Press Release by New Zealand Government at 4:06 pm, 27 Jan 2010

Preliminary findings of the 2009 review of the New Zealand Historic Places Act will help to focus the Historic Places Trust on its significant regulatory responsibilities while providing opportunities for more effective advocacy in local communities, Arts Culture and Heritage Minister Christopher Finlayson announced today.

The National Party arts, culture and heritage policy during the 2008 election campaign promised a review of the Historic Places Act. The Ministry for Culture and Heritage is undertaking the review and the Government is considering changes to the way the New Zealand Historic Places Trust operates, as well as archaeological consenting processes.

“The Government intends for the Historic Places Trust to focus on its important regulatory role while allowing for better advocacy in local communities,” Mr Finlayson said.

“The Trust has been a Crown entity since 2005, and exercises significant regulatory powers to effectively protect and preserve heritage sites on behalf of the Crown, which contributes around 80% of its funding.”

The review confirmed the Trust will remain a mass membership organisation providing access to heritage sites and education (the Trust currently has about 23,000 subscriber members, who contribute around 5% of its funding).

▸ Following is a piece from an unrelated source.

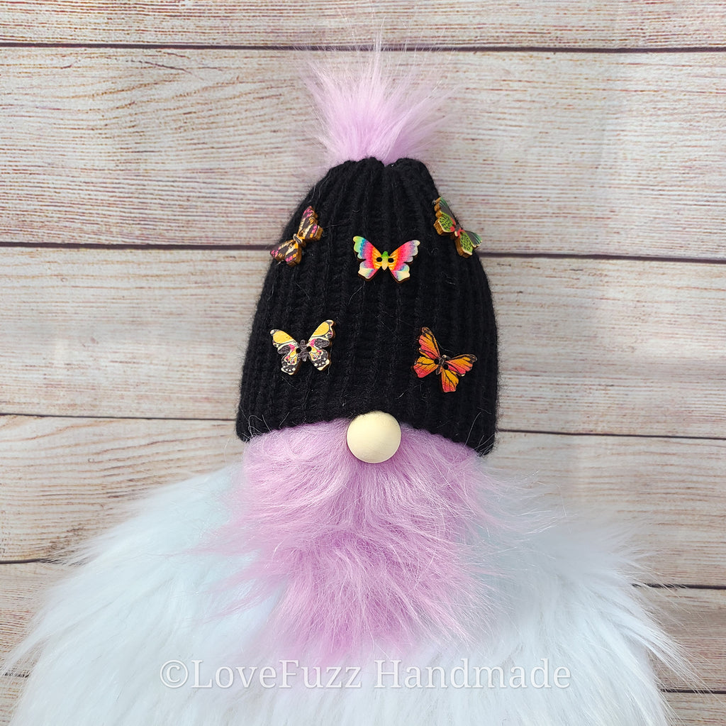 Knitted plush gnome with a black hat decorated with butterfly buttons and a fluffy light purple beard. Stands approx 6 inches tall with a weighted base.

However, the new arrangement would clarify the respective roles of the Trust and its membership.

Under the proposals local branch committees, which are involved in advocacy by members, would be disestablished. The Trust will discuss with branch committees ways in which new arrangements might be put in place for local heritage advocacy.

“Separating the local advocacy interests of branch committees from the regulatory functions of the Trust along the lines of the British model means better outcomes for both,” Mr Finlayson said. “For example, local activists will not be constrained by having to work within the priority-setting framework of a Crown entity.”

The size of the Trust’s national board would be reduced from nine members to eight. All members of the new board would be appointed by Government. Currently, three positions are elected by the wider membership of the Trust. The preliminary review concluded that this change would clear up confused accountabilities on the board.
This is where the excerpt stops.